Sus amigos -Eduardo Rojo, Juan Jairo Galeano y Santiago Escobar, su hermano- decían que era el hombre más disciplinado que habían conocido. “Entrenaba desde las seis de la mañana y luego salía al gimnasio a hacer ejercicios y levantar pesas. Tuviera partido o no, se cuidaba mucho”. Fuera del fútbol era como en el fútbol. Era imposible imaginar a un Andrés Escobar marrullero y tramposo. Era imposible encasillarlo en el grupo de los que hacen cualquier cosa por llegar. Su elegancia, su calidad, se contradecían con esa clase de gente.

El 2 de julio del 94 estaba con Rojo,  con unas amigas y con Juan Jairo Galeano. Cada uno había salido por su lado desde las tres de la tarde. En el ‘Niágara’, una especie de restaurante de El Poblado, se encontraron y pasaron la tarde.
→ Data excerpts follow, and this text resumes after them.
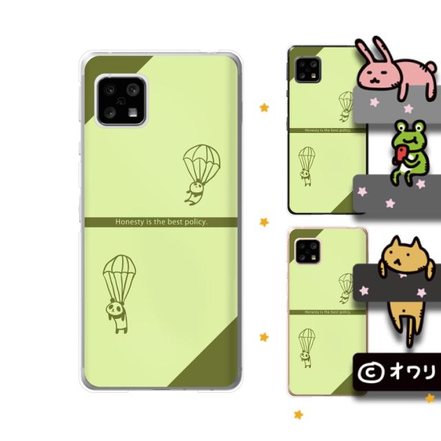 AQUOS sense5G(SHG03 / SH-53A / A004SH) / sense4 SH-41A 兼用 スマホ ケース カバー オワリ 「パンダパラシュート」 グリーン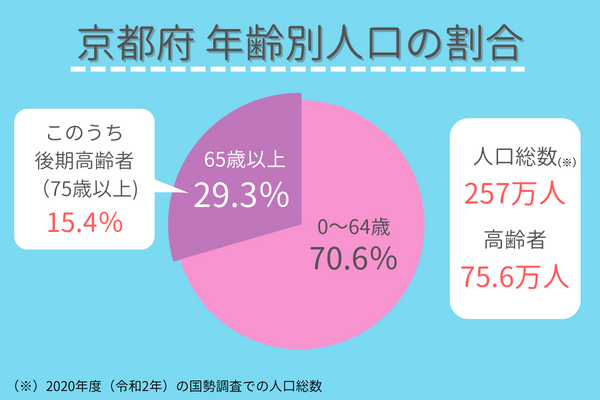 ・京都府の人口257万人のうち、65歳以上の人口は75.6万人(29.3%)(2020年度の国勢調査において)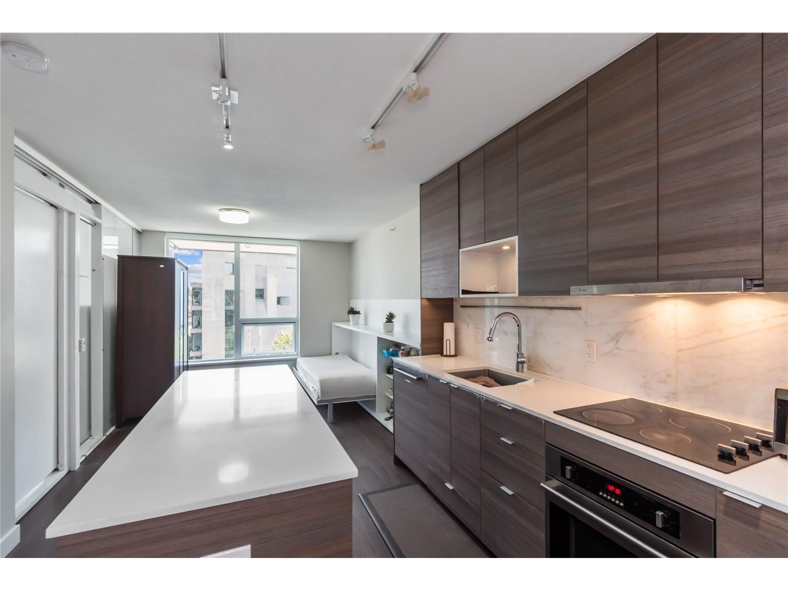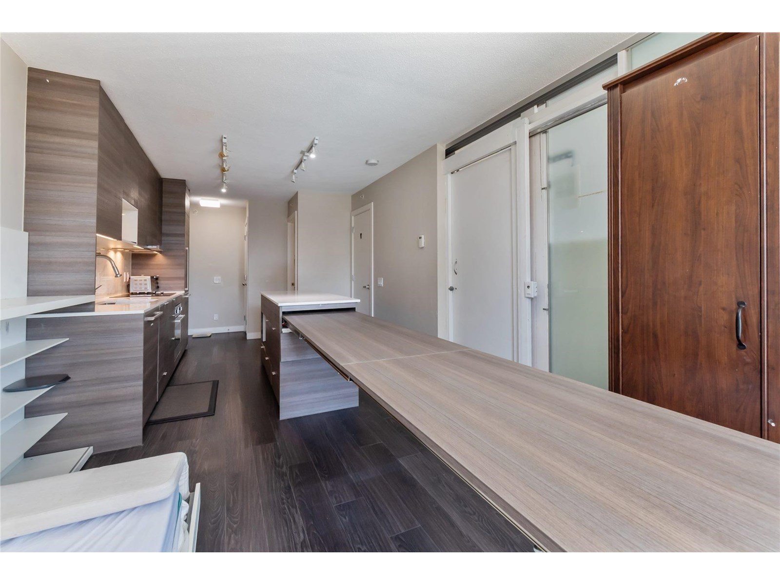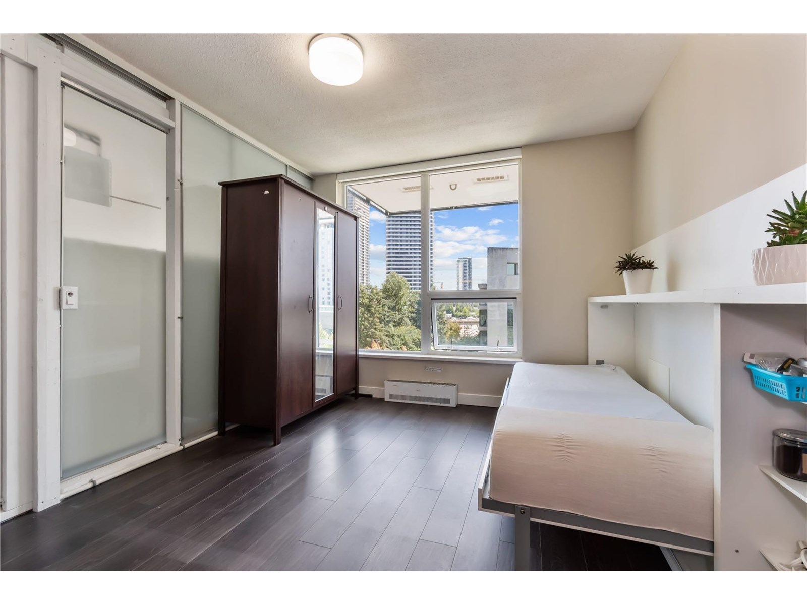 $483 MonthlyModern 2 -bedroom, 1 1/2 bath corner unit in the sought -after Alumni building by BOSA located in the Surrey's vibrant University District. This smart designed home features a MURPHY BED, guest bed, and a versatile kitchen island that extends into an 8 person dining table. Enjoy open views from the Northeast corner and take advantage of top-tier amenities including a gym, lounge room and rooftop garden. Just steps to Skytrain, SFU, shopping and dining. This unit offers convenience and quality in a fast-growing area- perfect for students, professionals or investors. A great opportunity you don't want to miss. Great Value at this price. (id:52823)
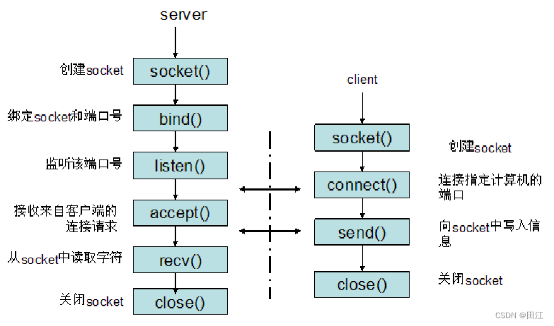 socket:插座;套接字 网络上的两个程序通过一个双向(全双工)的通信连接实现数据的交换,这个连接的一端称为一个socket。就像用座机打电话,给两个座机都插上电话线,就可以打电话,即语音信息的交流。

Luego se separaron. Ya de noche volvieron a verse en ‘La Padova’, en la vía Las Palmas, una de las carreteras que conducen al aeropuerto José María Córdova de Ríonegro. Tomaron cerveza, después aguardiente e hicieron bromas. Bailaron. Y, entre trago y trago, algún autógrafo, algunas palabras para el hincha, para la niña que quería conocerlo… Escobar había dicho que quería regresar a Colombia para “dar la cara”. Por eso no aceptó una invitación a quedarse en Estados Unidos y otra a pasar una semana en Coveñas. También quería retornar a la rutina de los entrenamientos y los ejercicios. Olvidar con ella lo que había ocurrido en el Mundial de Estados Unidos. Volver a su mundo, tomarse una revancha de lo que había ocurrido.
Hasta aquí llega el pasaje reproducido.